EDP column by Professor Ketan Dhatariya

“My 19 year old son has just been diagnosed with schizophrenia. What is this?”

Schizophrenia comes from the Greek for ‘split mind’. It is a long term psychiatric condition that is reasonably common. Over a lifetime, there is a 1 in 100 chance of being diagnosed with this condition, and this can be higher if there is someone in the family who already has it.

The condition is associated with disordered thinking, and the individual may experience hallucinations or delusions. Hallucinations are the experience of some sort of sensation (for example a sight, smell or sound) without anything being present. An example of this is hearing voices. Delusions are defined as ‘fixed, false beliefs out of keeping with cultural or religious upbringing’.

Schizophrenia is a diagnosis made on the basis of several symptoms being present. These can be of hallucinations or delusions, or what is known as ‘thought disorder’. This is sometimes called ‘knights move thinking’, after the chess piece, where there may be a tenuous link between various thoughts, but these may not be obvious to the listener. Other examples of thought disorder are when words get regularly jumbled up – a ‘word salad’, or when spoken language speeds up – so called ‘pressure of speech’.

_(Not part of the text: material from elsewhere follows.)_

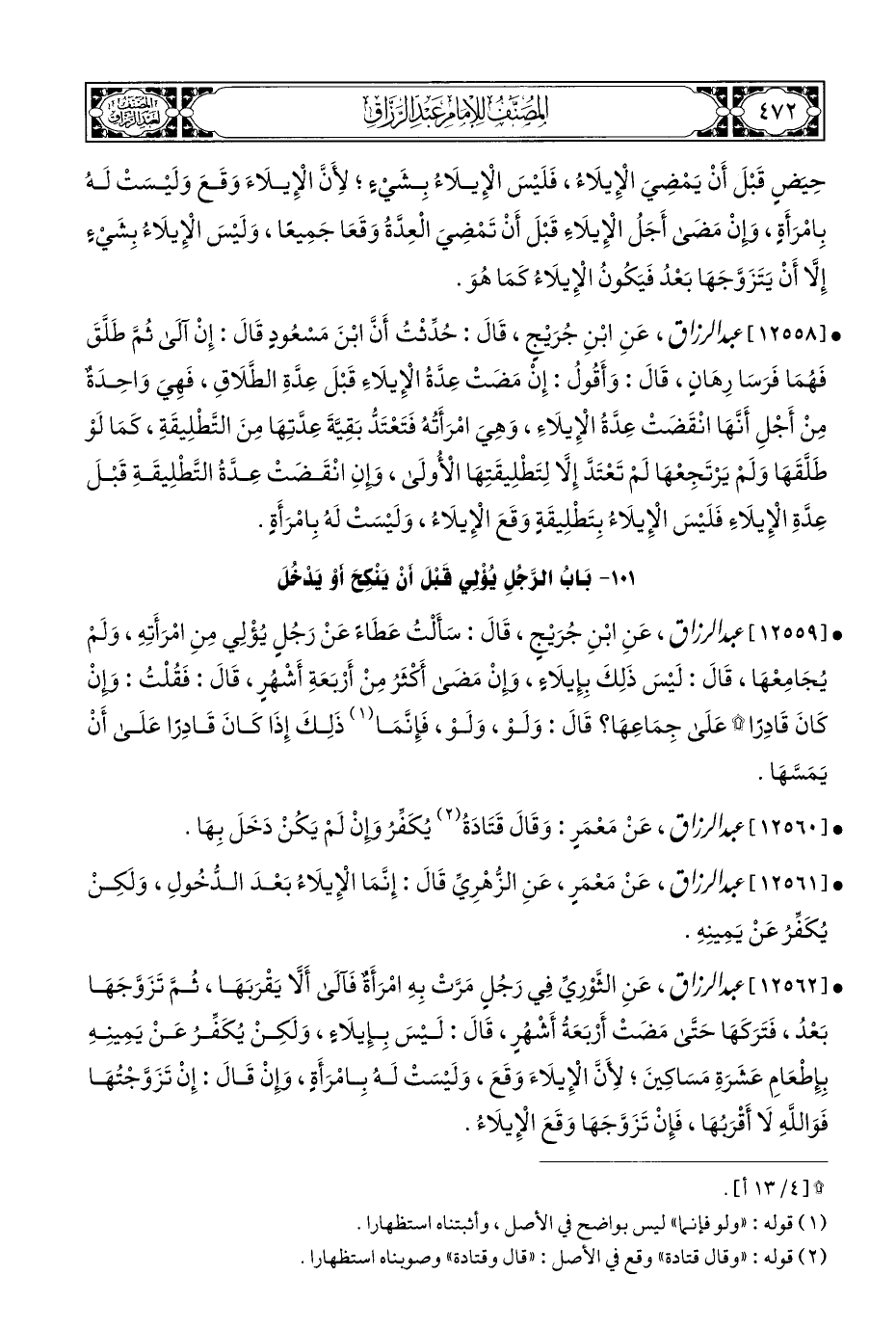 • [١٢٥٥٨] عبد الرزاق، عَنِ ابْنِ جُرَيْجٍ، قَالَ: حُدِّثْتُ أَن ابْنَ مَسْعُودٍ قَالَ: إِنْ آلى ثُمَّ طَلَّقَ فَهُمَا فَرَسَا رِهَانٍ، قَالَ: وَأَقُولُ: إِنْ مَضَتْ عِدَّةُ الْإِيلَاءِ قَبْلَ عِدَّةِ الطَّلَاقِ، فَهِيَ وَاحِدَةٌ مِنْ أَجْلِ أَنَّهَا انْقَضَتْ عِدَّةُ الْإِيلَاءِ، وَهِيَ امْرَأَتُهُ فَتَعْتَدُّ بَقِيَّةَ عِدَّتِهَا مِنَ التَّطْلِيقَةِ، كَمَا لَوْ طَلَّقَهَا وَلَمْ يَرْتَجِعْهَا لَمْ تَعْتَدَّ إِلَّا لِتَطْلِيقَتِهَا الْأُولَى، وإن انْقَضَتْ عِدَّةُ التَّطْلِيقَةِ قَبْلَ عِدَّةِ الْإِيلَاءِ فَلَيْسَ الْإِيلَاءُ بِتَطْلِيقَةٍ وَقَعَ الْإِيلَاءُ، وَلَيْسَتْ لَهُ بِامْرَأَةٍ.
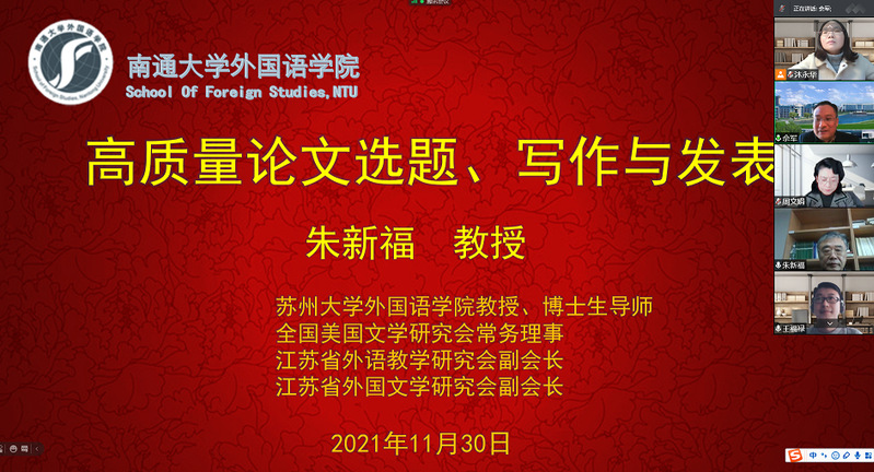 11月30日下午,云顶国际举办第四期高质量学术论文写作工作坊。苏州大学博士生导师朱新福教授和王军教授受邀分别担任文学组和语言学组工作坊特邀点评专家。

The other kinds of symptoms relate to the effect they have and are divided into ‘negative’ or ‘positive’ symptoms. ‘Negative’ symptoms include social withdrawal, lack of motivation, a tendency to be depressed, lack of speech, and so forth. ‘Positive’ symptoms include the delusions, hallucinations or the disordered thought. There are currently no specific tests that can be done to diagnose the condition, but several things may make a person more prone to developing the condition. These include genetic factors, ad I have mentioned, but also environmental factors, such as substance abuse, such as glue sniffing, drug use, and so on. Living in an environment of ‘high expressed emotion’ has also been shown to predispose to the development of schizophrenia. This means that having a constant environment filled with ‘negative’ emotions – often unintentionally found in a family, or in the work environment – such as high levels of critical comments, hostility, authoritarian and intrusive or controlling attitudes.

There is no cure for this condition, but there are lots of treatments. Several new drugs have become available over the past few years and, when used in combination with psychotherapy, keep people well and able to live relatively normal lives.

Over time, studies have shown that about a third of people make a full recovery, about a third show improvement but not a full recovery, and a third remain unwell.

As always, if you remain concerned, go and talk to your GP to get more information.